Message-ID: <3299@sdcsvax.UCSD.EDU>
Date: Wed, 10-Jun-87 15:17:23 EDT
Article-I.D.: sdcsvax.3299
Posted: Wed Jun 10 15:17:23 1987
Date-Received: Sat, 20-Jun-87 10:21:48 EDT
Sender: darrell@sdcsvax.UCSD.EDU
Organization: Cornell Univ. CS Dept, Ithaca NY
Lines: 22
Approved: mod-os@sdcsvax.uucp

In the ISIS system, we use a software protocol that triggers higher level
failure actions.  The protocol is very fast and quite simple -- a multiphase
commit, basically.  It gets triggered by timeouts, but the idea is that
when an overload occurs or something else causes an incorrect timeout, the
system shouldn't suddenly become inconsistent.  This is important because
timeouts are really flakey in LAN systems (as any SUN user will tell you).
Thus, it is hard to build really robust software on top of a purely timeout
based scheme.  Our approach has no overhead at all except when a failure
actually takes place and normally kicks in within about 2 seconds of a
crash (but this can be tuned adaptively, say if overloads are common).
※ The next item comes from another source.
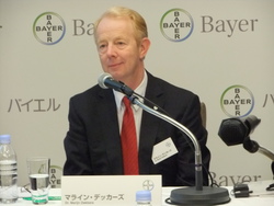 ドイツのマライン・デッカーズ・バイエル社長は22日都内で記者会見し「日本市場はバイエル全体にとって、ドイツ以外では3番目の売上高を計上しており、今後も最重要市場の一つである」とし、「全事業グループのビジネスにおいて日本は今後も成長が期待できる」と強調した。 日本市場でのバイエルの年間売上高は2011年に21億4200万ユーロで前年比5%台の成長となり、2012年1-9月は16億7900万ユーロと成長を続けている。分野別にみると、ヘルスケア分野が約70%、残りを素材科学と農薬関連が占めているという。 また、デッカーズ社長は「2013年も大きな成長を見込んでおり、2017年まで年平均7%以上の成長を目指す」ことを明らかにした。 具体的には「2017年までに日本市場で売上高を約30億ユーロ(約3300億円)に拡大していく。このために、2013年から2017年の間に合計約5億ユーロを日本市場の開発活動に投資する」と強調した。 |
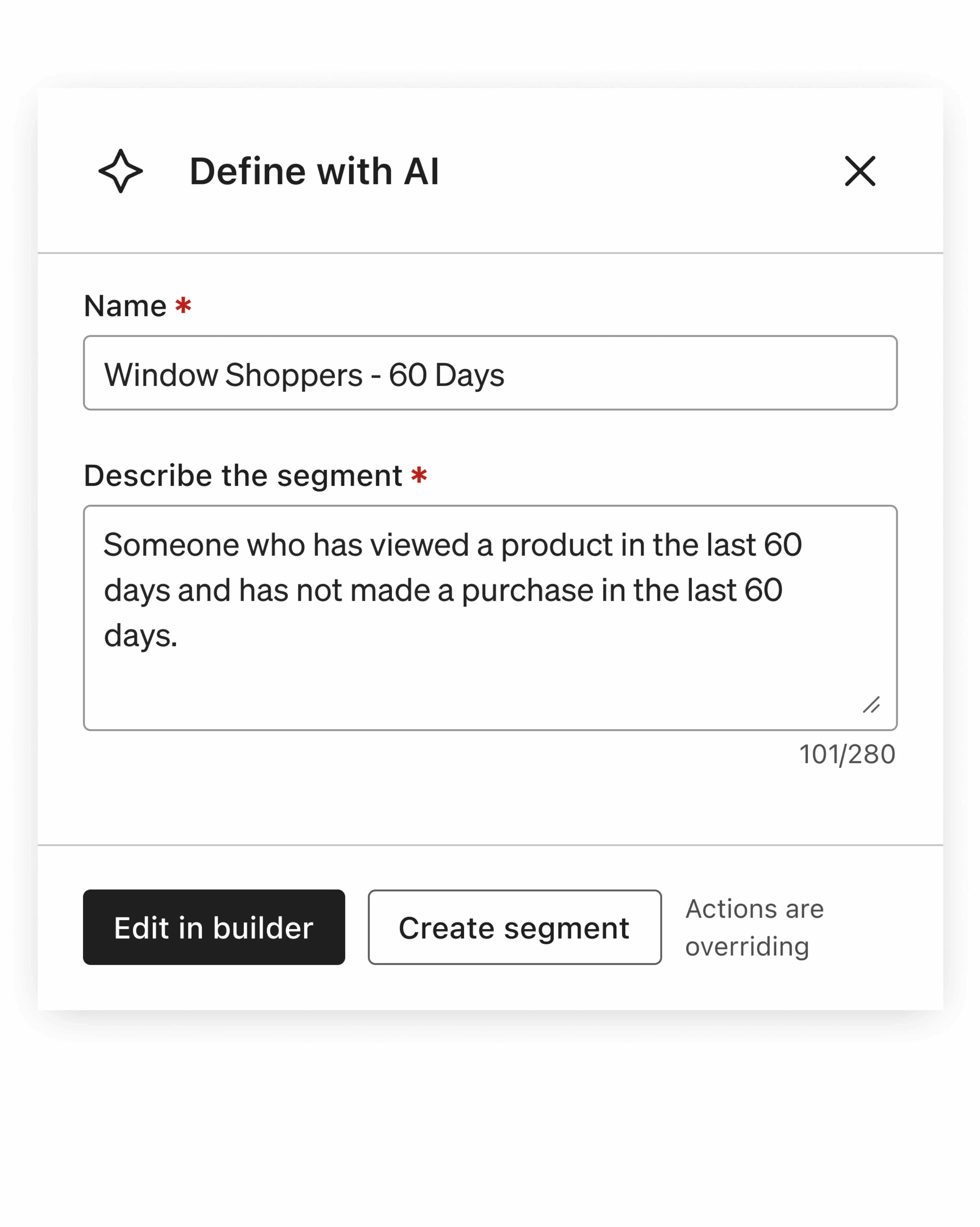 - Upon creating a new segment, click Define with AI instead of inputting conditions.

People may want to refer to a recent publication in the February issue of
TOCS for details, or send to me requesting reprints of this and other ISIS
related papers.  The protocols described in that paper, including the failure
detector, are operational now at Cornell.  We'll have performance figures
soon.  If you know us mostly from our old work on resilient objects, you
may want to look at this new material.  It focuses on fault-tolerance and
reliability without transactions (I no longer believe in transactions) and
uses a toolkit approach.  Much of the rest of the system is running too, and
we will have some nontrivial application software coming up during the summer.

Ken Birman